O GÊNIO

Hoje foi o dia mais feliz da vida de Marquinhos. Numa só toada, durante um banho tomado a contragosto, conseguiu realizar vários desejos, tão antigos quando impossíveis. E a realização de desejos tais como os que Marquinhos havia acabado de realizar, só seria viável por obra de um gênio da lâmpada. No caso, não exatamente da lâmpada, pois o que apareceu na manhã de hoje, no banheiro de azulejos coloridos, veio direto da garrafa de shampoo vazia em forma de carro de corrida que Marquinhos espremia tentando extrair de dentro algo além do ar. E não surgiu ostentando aparência extravagante, mágica, lúdica, pois era uma cópia nítida e perfeita de Marquinhos. Um clone, como se diz.

Como se falasse para a própria imagem refletida num espelho, disse o “gênio” para o incrédulo interlocutor: “Sei muito bem o que você quer, por que quer e quando começou a querer; sei tanto sobre você quanto sobre mim mesmo, mas vou tentar manter a tradição (nem tanto, na verdade) e te dizer que você pode me fazer três pedidos, dos quais vou realizar apenas um”. Contudo, antes que Marquinhos movesse os lábios para esboçar o primeiro pedido, o Clone/Gênio disse “está bem, desejo realizado, aproveite; mas antes de ir embora gostaria de confessar que não faço ideia do que você estava para me pedir, não leio pensamentos, mas acertei o alvo e é isso que importa, afinal. Adeus”.

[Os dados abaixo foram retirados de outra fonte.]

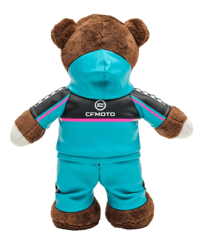 Plyšový medveď v koženej rozopínacej kombinéze s kapucňou. Špeciálna edícia v darčekovej krabici pri príležitosti 35.výročia značky CFMOTO.

Ao ver o Clone/Gênio se liquidificar num líquido esverdeado e espesso como shampoo e descer pelo ralo da pia, indo embora para sempre, Marquinhos, embora não pudesse constatar pelos sentidos mais imediatos a realização de sua vontade, sentiu que esta havia se realizado - seus maiores desejos nunca estiveram, pelo menos de maneira direta, na categoria das coisas palpáveis e tangíveis, mas no lado metafísico da realidade, no âmbito espiritual, por assim dizer. A partir de agora, ele poderia ficar o dia todo em casa, comendo o que quisesse, fazendo o que quisesse, ou ir para onde quisesse, a hora que quisesse, com quem quisesse, na velocidade que quisesse, da forma que bem desejasse; tinha acesso a qualquer lugar, sem custos, sem censuras, sem penalidades, sem gasto de energia.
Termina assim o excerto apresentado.